Напрасно будут возражать, что эта тревога имеет своим единственным условием незнание лежащего в ее основе психологического детерминизма: я буду в тревоге из-за недостатка знания реальных и действенных побуждений, которые в тени бессознательного определяют мое действие. Мы ответим вначале, что тревога не есть для нас доказательство человеческой свободы: последняя дается нам как необходимое условие вопроса. Мы хотели бы только показать, что существует специфическое сознание свободы, и у нас было желание показать, что это сознание являлось тревогой. Это означает, что мы хотели определить тревогу в ее существенной структуре как сознание свободы. Итак, с этой точки зрения существование психологического детерминизма не может отменить результаты нашего описания: в самом деле, или тревога является игнорируемым незнанием этого детерминизма, тогда она фактически постигается именно как свобода, или же тревога есть сознание незнания действительных причин наших действий. Тревога появлялась бы здесь из того, что мы предчувствовали скрытые в глубине нас чудовищные мотивы, которые внезапно вызовут преступные действия. Но в этом случае мы представали бы в качестве вещей мира и были бы сами себе нашей собственной трансцендентной ситуацией. Тогда тревога исчезла бы, чтобы оставить место страху, так как именно страх является синтетическим восприятием трансцендентного как опасного.
Эта свобода, которая открывается нам в тревоге, может характеризоваться посредством существования того ничто, которое проникает между мотивами и действием. Не потому, что я свободен, мое действие избегает детерминации мотивами, но, напротив, структура мотивов как недейственных есть условие моей свободы. И если спросят, каково это ничто, служащее основанием свободы, мы ответим, что его нельзя описать, поскольку оно не есть, но можно, по крайней мере, придать ему смысл, сказав, что это ничто является бывшим, посредством человеческого бытия в его отношениях с собой. Оно соответствует необходимости для мотива появляться в качестве мотива только как коррелят сознания мотива. Одним словом, как только мы отказываемся от гипотезы содержаний сознания, мы должны признать, что никогда нет мотива в сознании: он есть только для сознания.
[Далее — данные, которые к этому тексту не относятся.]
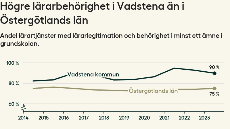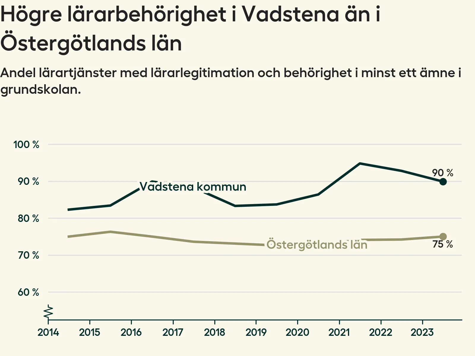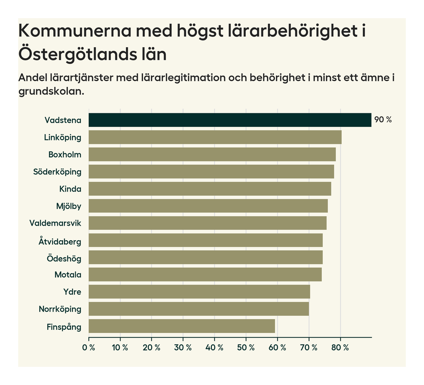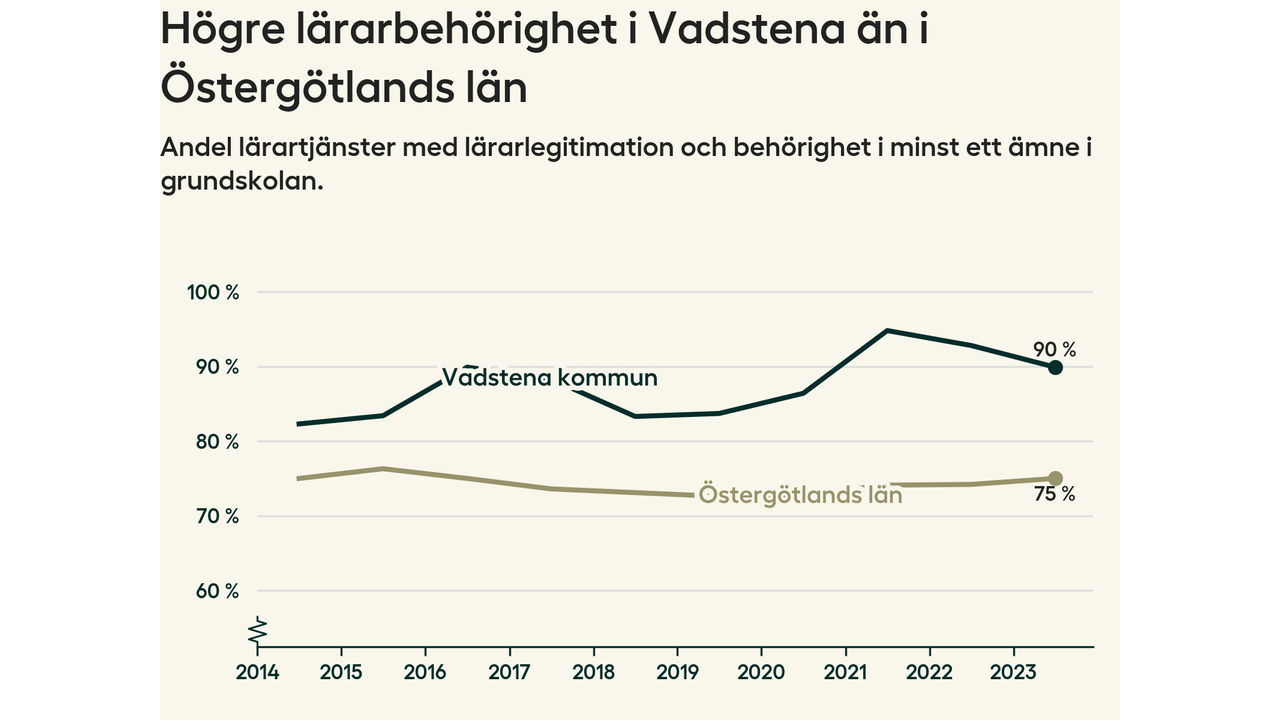 I oktober 2023 hade motsvarande 90 procent av lärarna1 i grundskolan i Vadstena kommun lärarlegitimation och behörighet i minst ett ämne. Det innebär att kommunen har den högsta lärarbehörigheten i hela landet.

И от того факта, что мотив может возникнуть только как явление, он конституируется сам как недейственный. Несомненно, он не имеет внешнего характера пространственно-временной вещи, он всегда принадлежит к субъективности и постигается как мой, но по природе является трансцендентностью в имманентности, и сознание избегает его самим фактом его полагания, поскольку как раз в сознании он обязан придать себе значимость и весомость. Таким образом, ничто, отделяющее мотив от сознания, характеризуется как трансцендентность в имманентности. Как раз, производя себя как имманентность, сознание ничтожит ничто, что позволяет ему существовать для самого себя в качестве трансцендентности. Но видно, что это ничто, являющееся условием всякого трансцендентного отрицания, может быть прояснено, только исходя из двух других первоначальных ничтожений: 1) сознание не есть свой собственный мотив, поскольку оно пусто от всякого содержания; это отсылает нас к ничтожащей структуре дорефлексивного cogito; 2) сознание противопоставлено своему прошлому и будущему как находящееся перед собой, которое существует в способе небытия; это отсылает нас к ничтожащей структуре временности.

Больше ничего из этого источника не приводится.